Task item> Print every line of the material below exactly as it stands, but omit the pictures.

Data extract Start Marker

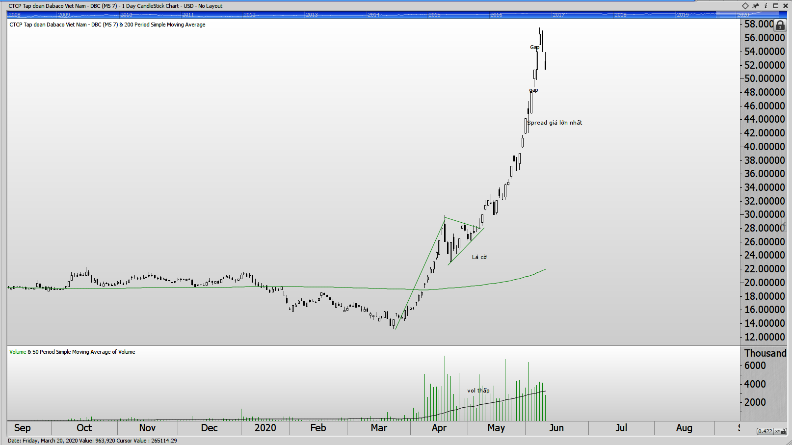 Cổ phiếu DBC giảm sàn sau khi có các dấu hiệu đỉnh cao trào như Gap, Spread rộng nhất.
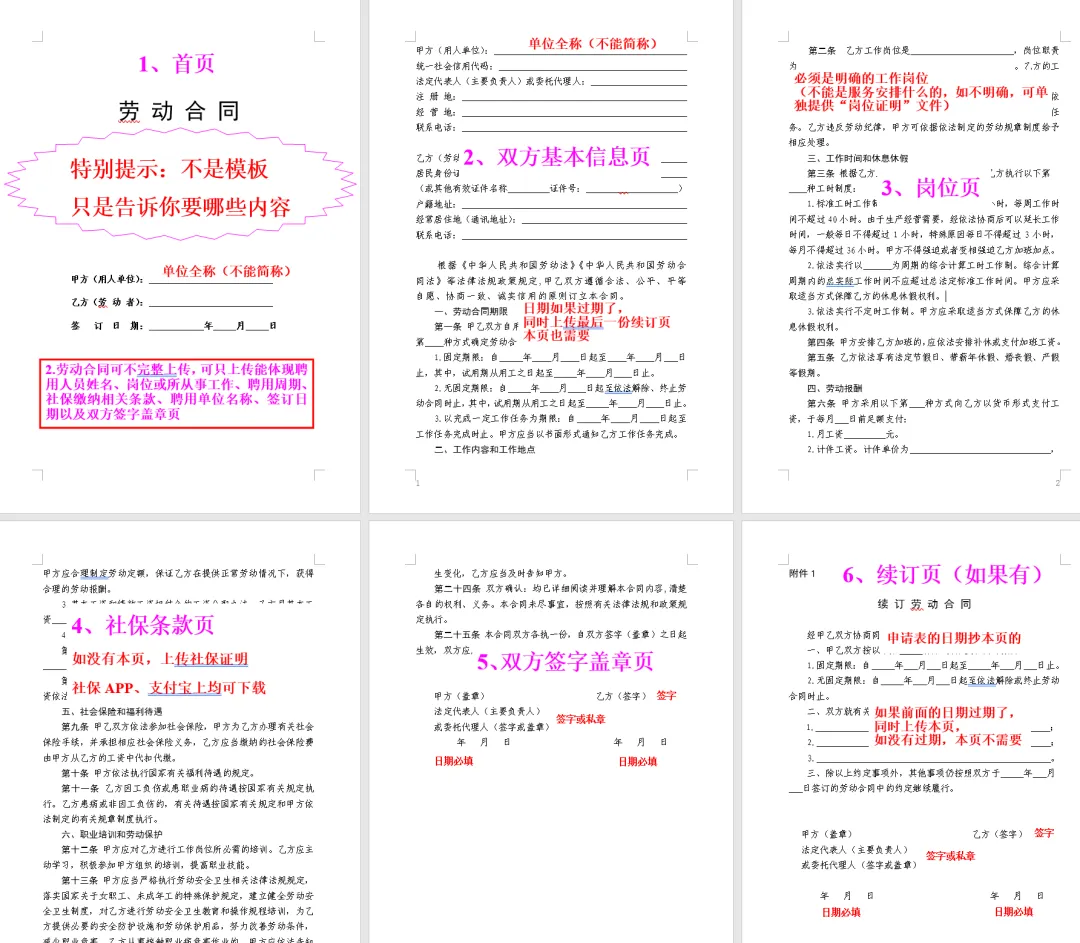 (所以不管你劳动合同有几百页,需要的内容大概只有2~4页)
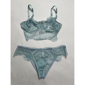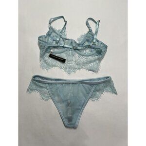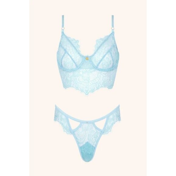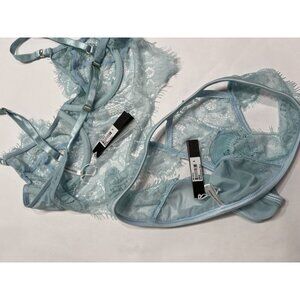 Bra: Crafted with delicate lace and featuring a stunning baby blue color, this bra is feminine and flirty. The plunging neckline highlights your shape, while the demi-style cups have the perfect balance of cleavage and coverage for a subtle, alluring look. The underwire support gives your breasts the ultimate lift and shape, leaving you with a sexy silhouette.

Data extract End Marker

Answer to the exercise>
 Cổ phiếu DBC giảm sàn sau khi có các dấu hiệu đỉnh cao trào như Gap, Spread rộng nhất.
 (所以不管你劳动合同有几百页,需要的内容大概只有2~4页)
 Bra: Crafted with delicate lace and featuring a stunning baby blue color, this bra is feminine and flirty. The plunging neckline highlights your shape, while the demi-style cups have the perfect balance of cleavage and coverage for a subtle, alluring look. The underwire support gives your breasts the ultimate lift and shape, leaving you with a sexy silhouette.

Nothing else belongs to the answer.